The Jews have done more to civilize men than any other nation…. They are the most glorious Nation that ever inhabited the earth. The Romans and their Empire were but a bauble in comparison to the Jews. They have given religion to three-quarters of the Globe and have influenced the affairs of Mankind more, and more happily than any other Nation, ancient or modern.[iii]

The curriculum at Harvard, like those of other early American colleges and universities, was designed by learned and liberal men of “Old Testament” persuasion. Harvard president Increase Mather (1685-1701) was an ardent Hebraist. His writings contain numerous quotations from the Talmud as well as from the works of Sa’adia Gaon, Rashi, Maimonides and other classic Jewish commentators.

Yale University president Ezra Stiles readily discoursed on the Mishna and Talmud with visiting rabbinical authorities. Hebrew and the study of Hebraic laws and institutions were an integral part of Yale’s as well as of Harvard’s curriculum. Much the same may be said of King’s College (later Columbia University), William and Mary, Rutgers, Princeton, Dartmouth, and Brown University. Hebrew learning was then deemed a basic element of liberal education.
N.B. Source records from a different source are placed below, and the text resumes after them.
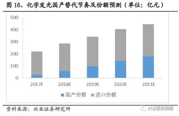 目前,化學(xué)發(fā)光行業(yè)以25%-30%的增速增長(zhǎng),現(xiàn)國(guó)內(nèi)企業(yè)已突破技術(shù)壁壘,進(jìn)入銷售放量階段,參考生化替代的節(jié)奏,5年內(nèi)可占有近一半的市場(chǎng)份額。預(yù)計(jì)在2021年,國(guó)內(nèi)廠家可總共占有百億以上的市場(chǎng)份額。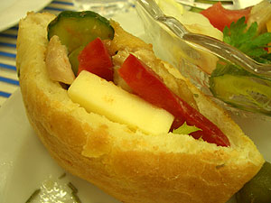 同じく、サラダの違う部分や、チーズとチキンをサンド。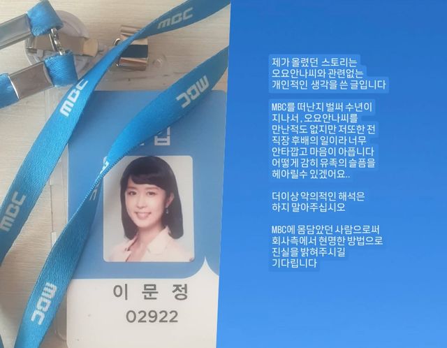 그는 이어 "더이상 악의적인 해석은 하지 말아주십시오"라며 "MBC에 몸 담았던 사람으로서 회사 측에서 현명한 방법으로 진실을 밝혀주시길 기다립니다"라고 덧붙였다.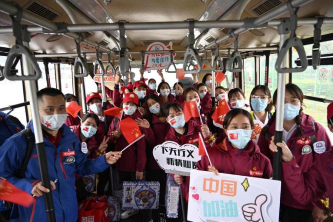 医疗队员在机场摆渡车上合影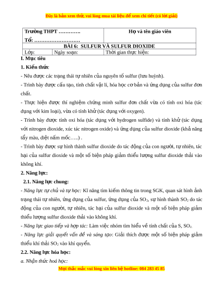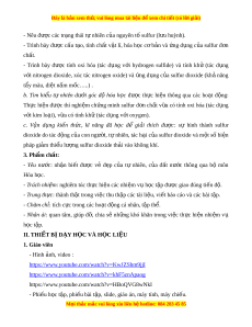 BÀI 6: SULFUR VÀ SULFUR DIOXIDE L p ớ : Ngày so n: ạ Th i ờ gian th c ự hi n ệ : I. M c t ụ iêu 1. Ki n t ế h c ứ - Nêu đư c ợ các tr ng t ạ hái t nhi ự ên c a ủ nguyên t s ố ulfur (l u huỳnh ư ). - Trình bày đư c ợ c u ấ t o, ạ tính ch t ấ v t ậ lí, hóa h c ọ c b ơ n ả và ng ứ d ng ụ c a ủ sulfur đ n ơ chất. - Th c ự hi n ệ đư c ợ thí nghi m ệ ch ng ứ minh sulfur đ n ơ ch t ấ v a ừ có tính oxi hóa (tác d ng v ụ i ớ kim lo i ạ ), v a ừ có tính kh ( ử tác d ng v ụ i ớ oxygen). - Trình bày đư c ợ tính oxi hóa (tác d ng ụ v i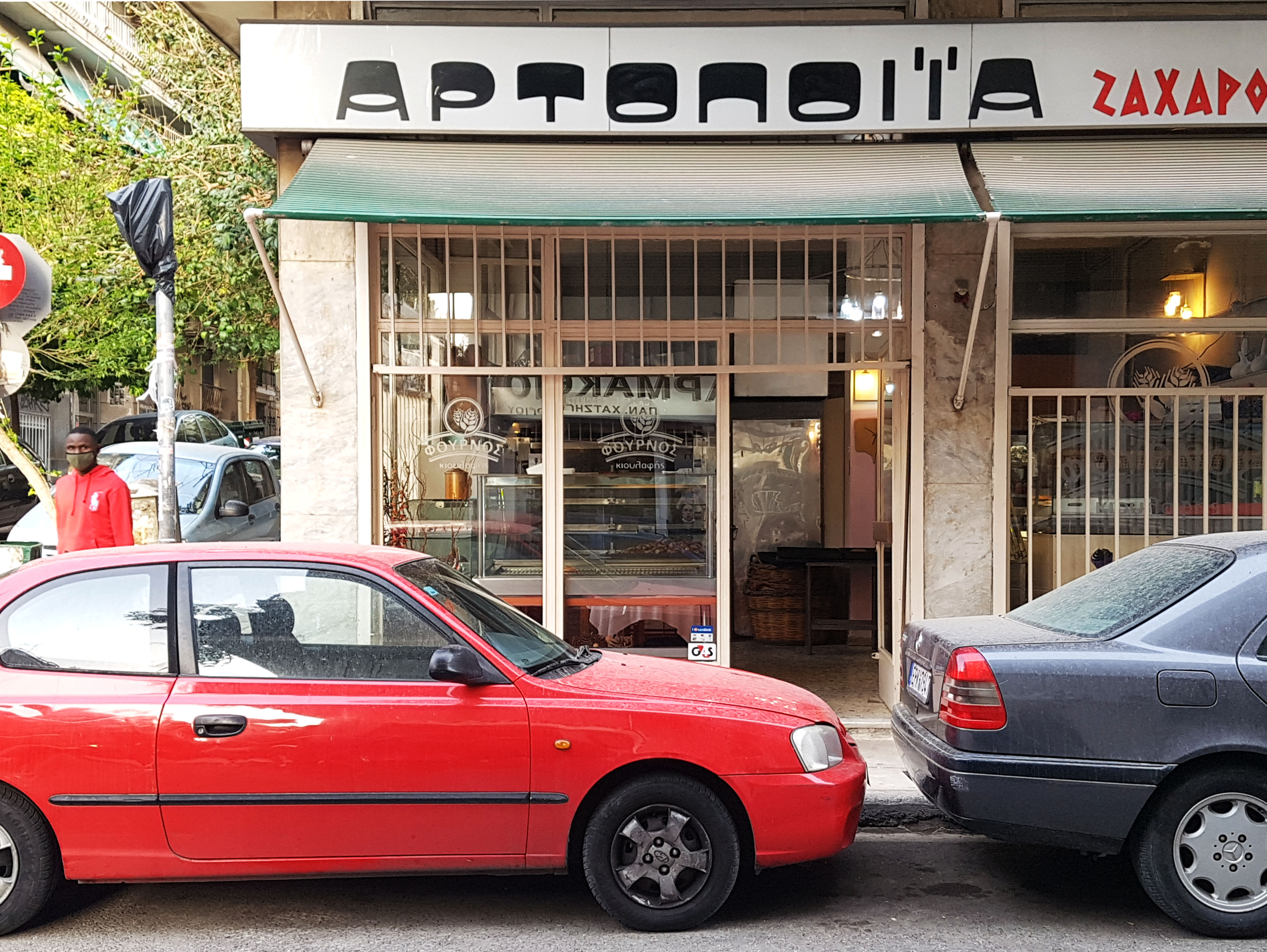 This sign of a bakery in Kato Patissia, Athens appears to use a Greek adaptation of the Jackson typeface. Most of the letterforms in “ΑΡΤΟΠΟΙΪΑ” (“bakery”) are slightly different from the ones found in Mecanorma’s version: proportions are less wide, corners are more rounded, Τ has a curved roof (unlike the Latin T), and Π is different both from N and an upside-down U. At this point of time, it’s not clear to me whether this is custom lettering inspired by Jackson, or whether there is a Greek adaptation in the form of a typeface.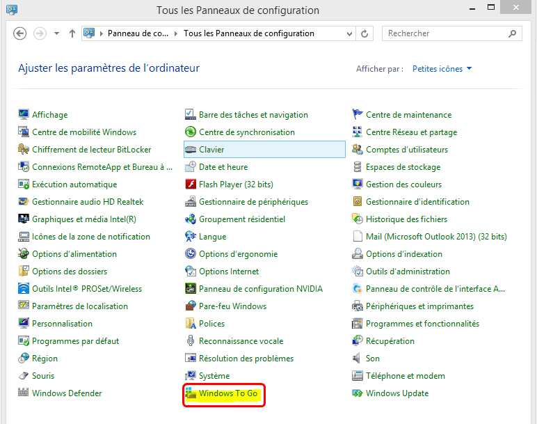 2. Ouvrez le Panneau de configuration. Recherchez la fonctionnalité "Windows To Go" dans le Panneau de configuration et cliquez dessus pour continuer.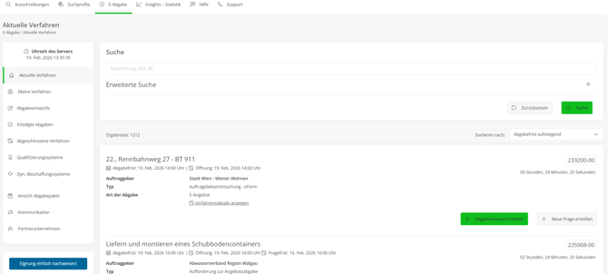 Geben Sie Ihr Angebot für das entsprechende E-Verfahren ab. Bis zum Ablauf der Angebotsfrist können Sie jederzeit Ihr Angebot zurückziehen oder durch ein neues ersetzen.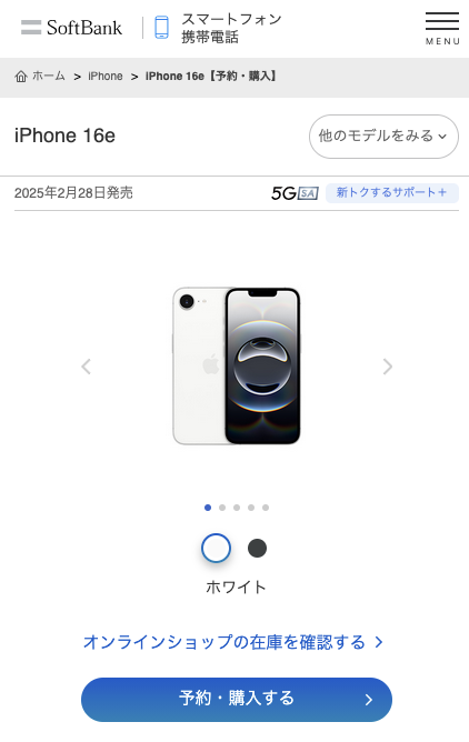 iPhone 16eが正式発表された翌日の2025年2月21日午後10時に、ソフトバンクを含む国内4キャリアとApple Storeで予約受付を開始しました。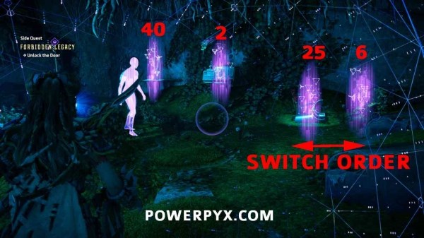 最左侧(鸟雕像)她说【40岁获奖】,左二是【氢原2流】,第三个是【25周年】,第四个则是无人机【蜻蜓-6】,开启字幕更容易获得线索。但是地上的两件道具顺序是错的,在按照扫描顺序输入密码时,埃洛伊会说它们掉在地上前可能在不同的地方,因此将6和25交换即可获得正确的密码。

This attitude was not merely academic. On May 31, 1775, almost on the eve of the American Revolution, Harvard president Samuel Langdon, addressing the Congress of Massachusetts Bay, declared: “Every nation … has a right to set up over itself any form of government which to it may appear most conducive to its common welfare. The civil polity of Israel is doubtless an excellent general model.” (Emphasis added.)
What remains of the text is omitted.